DBs capitalize on rush with 4 interceptions
From Lori Nickel, JSonline
~Green Bay — There were times when St. Louis Rams quarterback Nick Foles looked like he didn’t even have an offensive line in front of him.
That’s how much the pressure was coming from the edges and up the gut, and when that happens, it can rattle a quarterback into throwing passes he’d rather not.
So while this will go down as an excellent game for Green Bay’s defensive backs with their four game-changing, momentum-killing interceptions, some of the credit must go to the pass rush.
“We did a fairly good job of that today — putting hits on him,” said linebacker Clay Matthews, who had four quarterback hurries and 1.5 sacks. “Especially early on, those few interceptions, I’m sure he felt the heat. I’m sure he threw an interception he didn’t want. You saw the one that left his hand a little wobbly … as well as the one in the back in the end zone to finish the game.”
The beneficiaries of the pressure were some of Green Bay’s youngest players.
Packers rookie Quinten Rollins collected two, and got to do his first Lambeau Leap after on
e of them; Micah Hyde picked off Foles early, and Ha Ha Clinton-Dix hauled in a touchdown-saving interception late. Each contributed in some way to the 24-10 Packers victory.
After Aaron Rodgers’ threw his first interception at Lambeau Field in 586 passes, Hyde immediately took the focus off of the streak-ending turnover by collecting an interception of his own.
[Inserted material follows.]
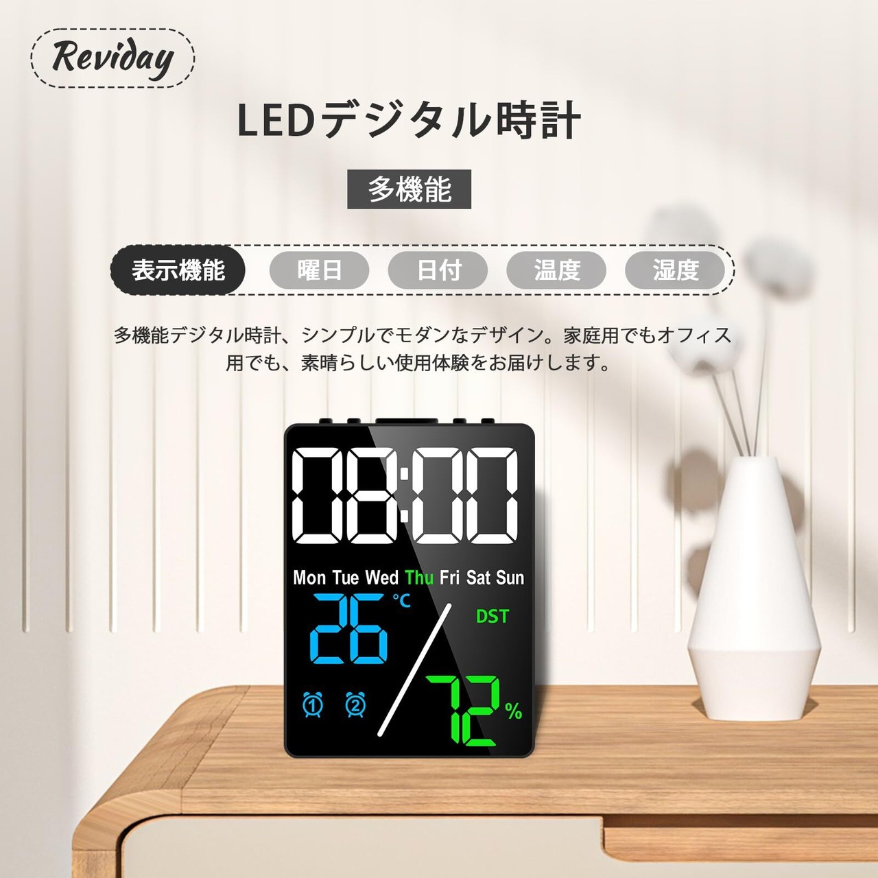【多情報表示】RevidayデジタルLED目覚まし時計は、時間、曜日、温度、湿度を同時に表示できる便利なデザインです。大きなディスプレイで視認性も抜群。さらに、日付ジャンプ表示機能も搭載しており、重要な日を見逃す心配がありません。家庭やオフィスでの使用に最適で、快適な生活をサポートします。シンプルでスタイリッシュなデザインは、どんなインテリアにもぴったり合います。毎日をより便利にしてくれる一品です

Hyde jumped in front of Kenny Britt at midfield and prevented the Rams from capitalizing on the bonus possession.
Eight plays later, Green Bay defensive end Datone Jones was in the face of Foles and Rollins stole a short pass and returned it 45 yards for a touchdown and a 14-0 lead.
“We were just in zone coverage,” said Rollins. “I just happened to step in and make a play. We complement each other. The front rush obviously does a tremendous job, and on the back end we also cover well.”
It was Green Bay’s first rookie Pick 6 since Marques Anderson had one in 2002.
The Rams kept charging, however, and trailing 21-10 with 11:38 left began a drive with a 55-yard rush by Todd Gurley. Three plays later, from the Green Bay 7, St. Louis was ready to make it a game again when Clinton-Dix intercepted a tipped ball in the end zone to kill the momentum. He also got the pick despite taking a good stiff arm from Gurley on the previous play.
“Coach wanted to go in the dime and we’re short on safeties right now because of Sean,” said Clinton-Dix, referring to safety Sean Richardson’s absence from the game because of a neck injury. “I just sucked it up and turned back around to help my teammates.”
The Packers’ final interception came in the final minute, with the Rams trailing 24-10, when Rollins got his second of the game deep in Green Bay territory.
“They were both hard,” said Rollins of his picks. “It’s hard enough to get one in this league, let alone two.”
This was Green Bay’s first four-interception game for the defense since Sept. 13, 2012, when it had four against Chicago. The team record of nine interceptions in a game was set in 1943 against the Lions.
“We’re all competitors, we all want to have the most,” said Hyde. “But as long as we’re getting those, we’re getting off the field, we’re putting our offense in a good position.”
None of the defensive backs would take credit for bailing out Green Bay’s offense that looked uncharacteristically out of sync against the Rams.
“I believe in A-Rod, still going to believe in him to make those plays,” said Clinton-Dix. “I love A-Rod and it’s his team.”
But the DBs would give credit to the pass rush, which also came from Julius Peppers, Mike Neal and Nick Perry besides Matthews and Jones.
“They pressured him like crazy today,” said Hyde. “It was huge. I think most of the turnovers came when we had pressure and made him throw into small pockets. As long as we can do that with the guys up front, we’re going to be hard to beat.”